Notes: neroli, violet leaves, bergamot, cedrat, cardamom, pink pepper, orange, jasmine, tuberose, rose peach blossoms, orchid, sandalwood, cedar, white musk, vanilla.

It seems there is never a shortage of notes in Mr. Duchafour’s creation. 🙂

It started great, like a bitter jasmine (or possibly some other white flower, orange blossom included) and then, not 5 minutes into it, it morphed into a powdery violet. And remained like that. What?! I’m not a violet fan (especially in this talc manner) and this is the part where it got scary for me. I mean, everyone was singing praises for this and I’m getting a violet thingy?! A nice violet thingy (actually made me wonder if I might find this violet wearable) but still – a violet?!
That’s why I thought someone broke my sample juice.

It helps though when you know that really good perfumes are going to change, so I waited. For almost an hour but was it worth it!

After the passing of violet, things started happening and I was beginning to enjoy the ride for real. None of the notes seemed especially prominent but they all seemed to be there at some point in time. I was waiting for an orange blossom tropical seductiveness and I got it. Not the orange blossom or tropical but seductiveness made by rose, jasmine, juicy orange, probably orchid as well but I cannot say for sure since I’m not positive yet on the orchid smell.

The drydown on this smells like an opening on something, it’s that good and strong. Reminded me a bit of Ninfeo Mio due to sweetness and floral juiciness. And each time I smell my arm, I’m seduced more and more.

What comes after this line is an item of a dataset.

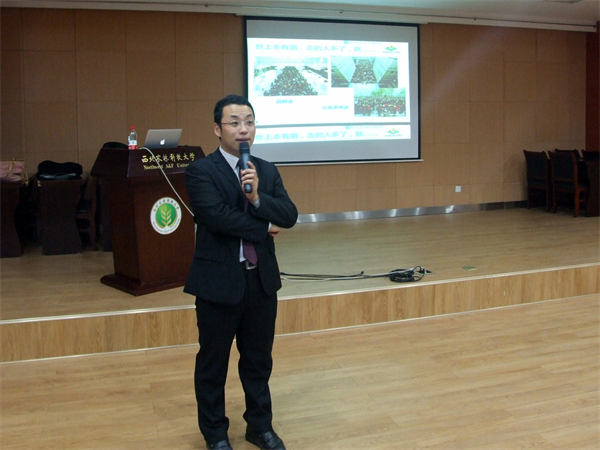 刘经理以“选择,比努力更重要”、“期待,与您共创辉煌”为主题,首先强调了选择的重要性,并给大家展示了公务员考试、企业招聘等不同就业途径当今的现状。他指出,农牧行业尤其是养猪业,已经发展为前景广阔的产业链模式,公司急需相关专业人才,可供动科动医学子选择的就业机遇很多,选择正确的岗位便是找到了实现自我价值之路。他希望广大学生抓紧在校时间,努力学好专业知识,为自己将来的就业做好充分准备。

Turns out, I can live with violets on me. 🙂

SOTD: Eau d’Italie, Paestum Rose

OK, I realized today I will have to give Havana Vanille another go. Because it’s obvious to me that whatever Mr. Duchafour creates, I’m going to love it. 🙂 There must have been a mistake in my nose when smelling HV because it just can’t be. 🙂

As you probably know by now, I’m not a huge florals fan, rose especially, but there are always exceptions, and this is one of them. Oh, I really like this one (I think that the boozy opening helps). 🙂

Notes: davana, cinammon,, black pepper, pink pepper, black pepper, coriander, black currant buds, Turkish rose, peony, incense, osmanthus, elemi, tea, papyrus, benzoin, myrhh, opopponax, vetiver, patchouli, cedar, wenge wood, amber, white musk.

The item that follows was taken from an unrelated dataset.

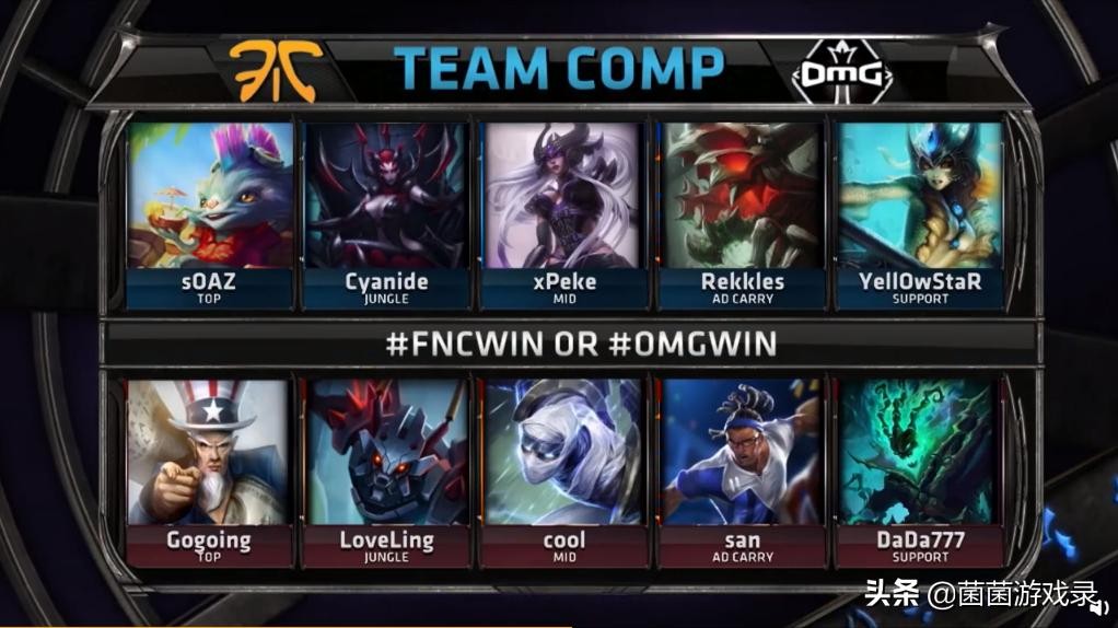 首先,这场比赛至关重要,OMG需要赢下这场比赛才可以保留小组赛出线的希望,而FNC也是如此,希望战胜OMG以保留自己小组出线的希望。这场比赛拥有十分多熟悉的面孔,包括FNC上单sOAZ(嫂子)、欧洲老法王xPeke、“欧洲高学成”Rekkles以及YellOwStaR,都是LPL粉丝熟悉的欧洲职业选手。而OMG这边,大就不用介绍了,值得一提的是,辅助不是柚子,而是达达7作为首发。

As you can see, there is a wealth of notes which I do not plan on getting entangled in. I love the beginning and I didn’t miss the rose this time (probably because it’s there in the title). It smells boozy (having this rum, thick quality to it) and slightly sweet. Of the notes in the beginning, I can smell the particular juiciness of black currants and the pink pepper – which I believe I am smelling due to the process of elimination. I’ve been finding this around a lot and learned to recognize the particular scent it brings with itself so I think I know it now (it gives the rose in Very Irresistible the same type of freshness). Anyway, I get a healthy dose of tea (I tend to lean toward black but that may be caused by black currant buds).

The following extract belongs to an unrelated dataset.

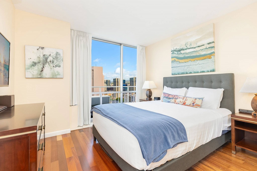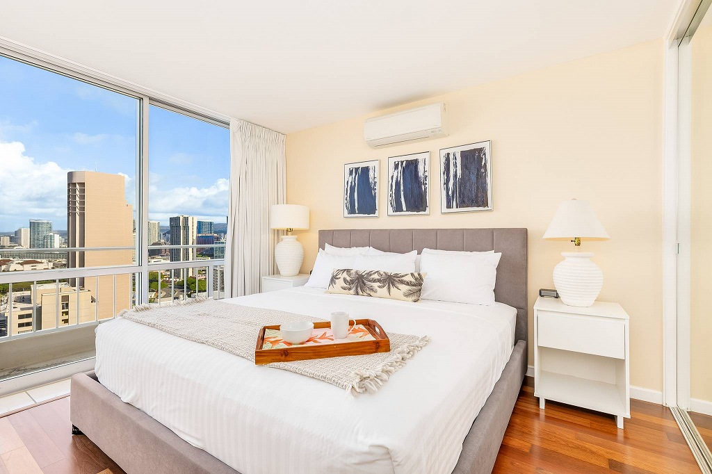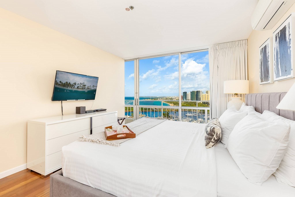 ワイキキの象徴的コンドミニアム、ビーチとヨットハーバーを望む抜群の立地のオーシャンフロントに建つイリカイ・ホテル。その26階の高層階にあるこの2ベッドルーム・ペントハウスは、最上階からイリカイのマリーナとオーシャンビューを望むユニットです。広々としたリビングに、フルキッチン、室内洗濯機・乾燥機、2つの寝室にはハンドシャワー付きのバスルームが備わっています。毎週金曜日に上がるヒルトンの花火も鑑賞できます。

It smells like an idea of a wet rose, not aquatic but more like a rose inundated in fresh water. Quite lovely really. And totally wearable for me (I’ll try and locate a decant on MUA).

I lose the black currant and most of the rose in the drydown but I’m left with a drydown that is quite nice but doesn’t come close to the opening. I mean, it’s easy on the nose and smells warm and dry (all that wood, incense and benzoin which I love) but is only a drydown.